Depression: When It’s All in the Family
If depression runs in your family, you can help yourself -- and your children -- identify and cope with the condition.
Researchers are becoming increasingly aware that depression runs in families -- sometimes across multiple generations. If Lynne Boschee were to draw her family tree of depression, for instance, it would branch across three generations to include her father and her brother and his two teen-aged children. On one limb would be Boschee herself, who had postpartum depression. Her 4-year-old son, Jack, doesn’t have the illness, but she worries that his excessive fears and panic attacks spell an anxiety disorder, which experts say is often a childhood precursor to depression.
This multigenerational portrait of depression unsettles others whenever Boschee mentions it. “They don’t know what to say. They change the subject really quickly,” says the 42-year-old communications consultant in Phoenix. Because she believes that her family is genetically vulnerable to depression, she speaks openly to fight the stigma and secrecy, she says. “I think that depression and anxiety run in families, just like heart disease and diabetes.”
Doctors recognize that depression can weave a long thread of despair. “Depression is highly familial,” says Myrna Weissman, PhD, a professor of epidemiology and psychiatry at Columbia University. She began studying depression in families in 1982 and has now tracked three generations of family members with the disorder.
When a parent has depression, a child faces three times the risk of becoming depressed, compared to a child without a depressed parent, Weissman says. If the parent developed the mental illness before age 20, the child’s risk rises four- to fivefold.
“I’m talking about risk,” Weissman says. “Not all kids who have a depressed grandparent get depression. But if you have a depressed grandparent and a depressed parent, your probability of getting depressed is extremely high.”

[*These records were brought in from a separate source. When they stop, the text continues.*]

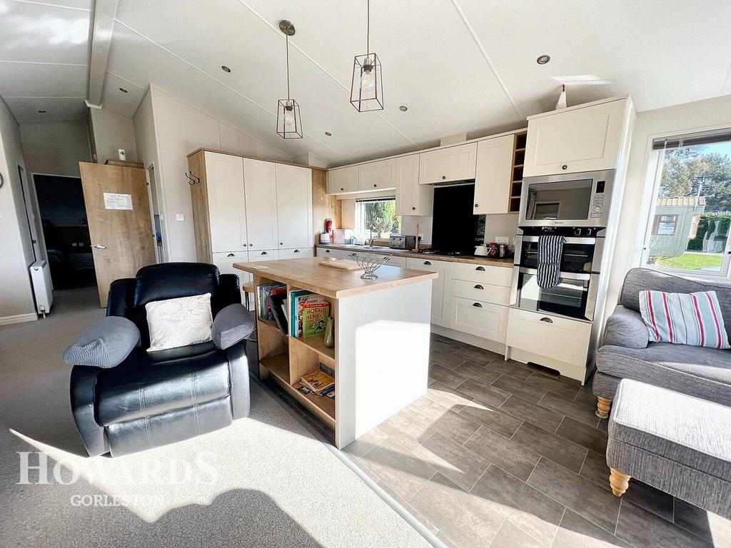 Radiator, UPVC double glazed windows to both side aspects, UPVC double glazed window to front aspect and a sliding French door leading out to decking at the front, half fitted with carpet, half vinyl flooring where it meets the kitchen area, kitchen offers, range of wall and base units, integrated appliances which include dishwasher, fridge/freezer, two ovens and fitted microwave with gas hob and overhead extractor, stainless steel sink with drainer and mixer tap, wood worktops, large larder and island which also offers further storage, ceiling spotlights.
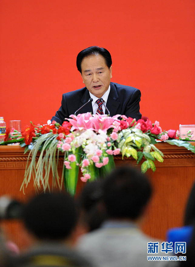 2012年11月7日16:30,中国共产党第十八次全国代表大会新闻发言人在人民大会堂三楼金色大厅举行新闻发布会。图为中国共产党第十八次全国代表大会新闻发言人蔡名照。新华网 陈竞超 摄
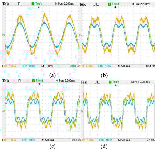 Analytical calculations are performed according to the definitions present in the IEEE 1459-2010 standard []. As mentioned in the introduction of this section, Figure 9 shows the current and voltage waveforms obtained for the RL series load under 4 different operation conditions. Each one of those 4 waveform sets were obtained by setting the VSI voltage reference to synthesize waveforms with different harmonic content. The experiments performed are as follows: (1) Only the fundamental component, (2) fundamental and 3rd harmonic, (3) fundamental, 3rd and 5th harmonic, 4) fundamental, 3rd, 5th and 7th harmonic.
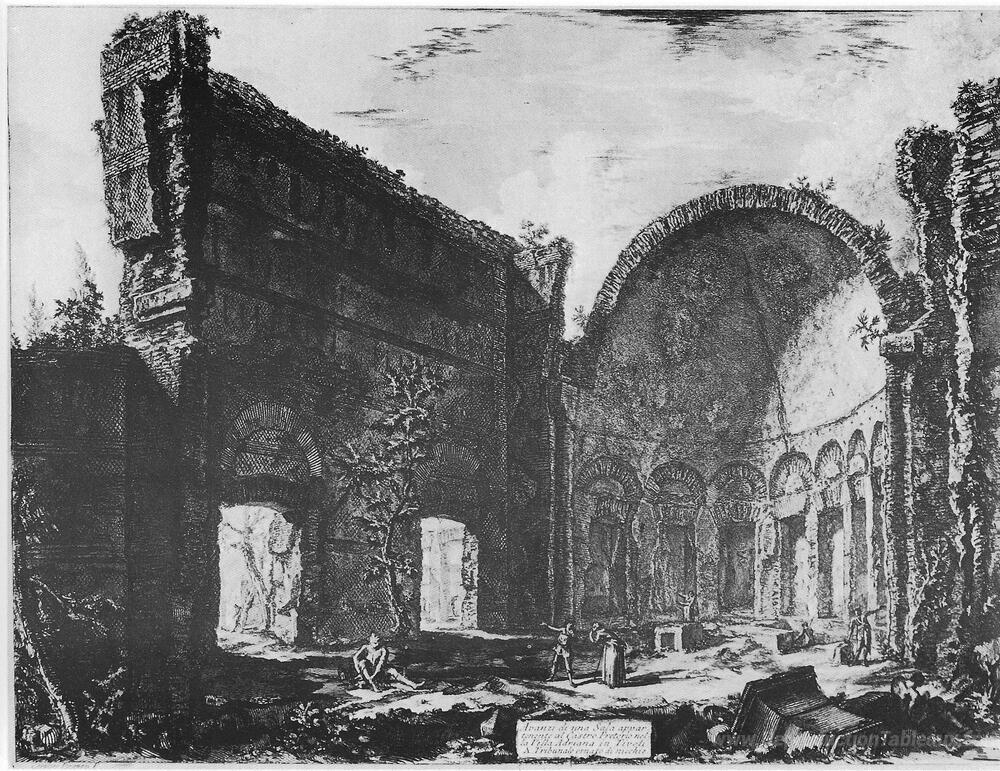 Nous vous proposons une reproduction artisanale sur toile du célèbre tableau 'Vedute di Roma' de Giovanni Battista Piranesi, provenant du Musée de la Reproduction.
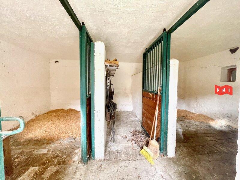 Nebengebäude/Stallungen ca. 175m²: Ziegelmassiv bestehend aus 9 Pferdeboxen, Sattelkammer, Stüberl, Bad u. WC, Empfangsraum mit Fliesen u. Holzdecke - beheizbar ca. 19,5m², Werkstatt ca. 32m², sowie ein Lagerraum
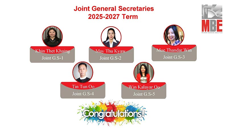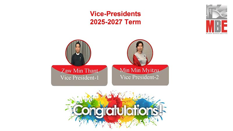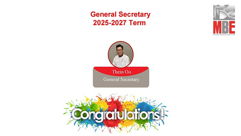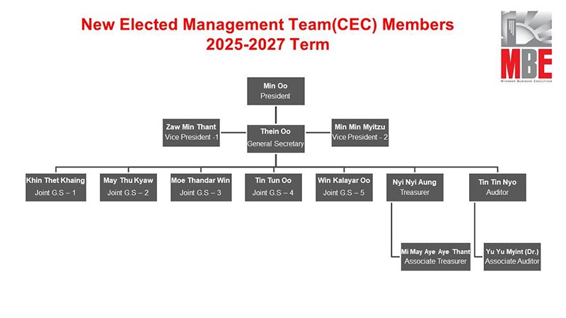 မြန်မာစီးပွားစီမံအမှုဆောင်များအသင်း (MBE) ၏ (၂၀၂၅-၂၀၂၇) သက်တမ်း အသင်း စီမံခန့်ခွဲမှုအဖွဲ့ (ဗဟို အလုပ်အမှုဆောင်အဖွဲ့) ရာထူးတာဝန်များ ရွေးချယ် တင်မြှောက်ပွဲ အခမ်းအနားကို ယနေ့ (၁၈-၁၀-၂၀၂၅) ရက်နေ့၊ မွန်းလွဲပိုင်းက ရန်ကုန်မြို့တွင် Hybrid (In Person & Online) စနစ်ဖြင့် ကျင်းပခဲ့ရာ MBE အသင်း (၂၀၂၅-၂၀၂၇) သက်တမ်း အလုပ်အမှုဆောင် ရွေးချယ် တင်မြှောက်ရေးကော်မရှင် အဖွဲ့ဝင်များ၊ (၂၀၂၅-၂၀၂၇) သက်တမ်း တာဝန်ထမ်းဆောင်ကြမည့် အလုပ်အမှုဆောင် (၄၁) ဦး၊ အသင်းရုံးအဖွဲ့ ဝန်ထမ်းများ စုံညီစွာ တက်ရောက်ခဲ့ကြပါသည်။
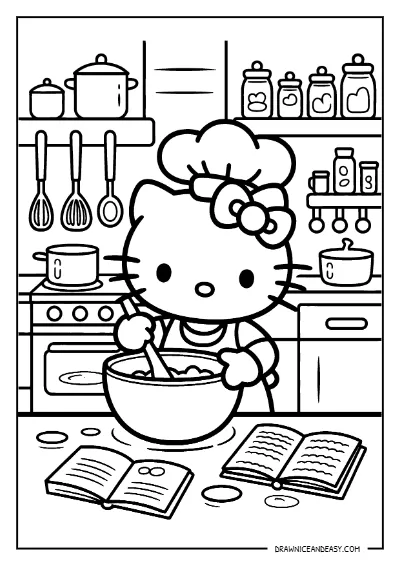 Hello Kitty Baking in Kitchen Coloring Page – Free Printable PDF

Depression: Genes or Environment?
Is depression nature or nurture? Most likely, both. Depression is a complex disorder in which both genes and environment probably play a role, Weissman says. So far, research suggests genetic vulnerability that makes some people more likely to develop depression, but scientists haven’t yet found a depression gene.
They are looking for answers among several genes. “They’ve identified areas that are very interesting -- genes of interest,” says Weissman, who is currently conducting a large study on the genetics of early-onset depression.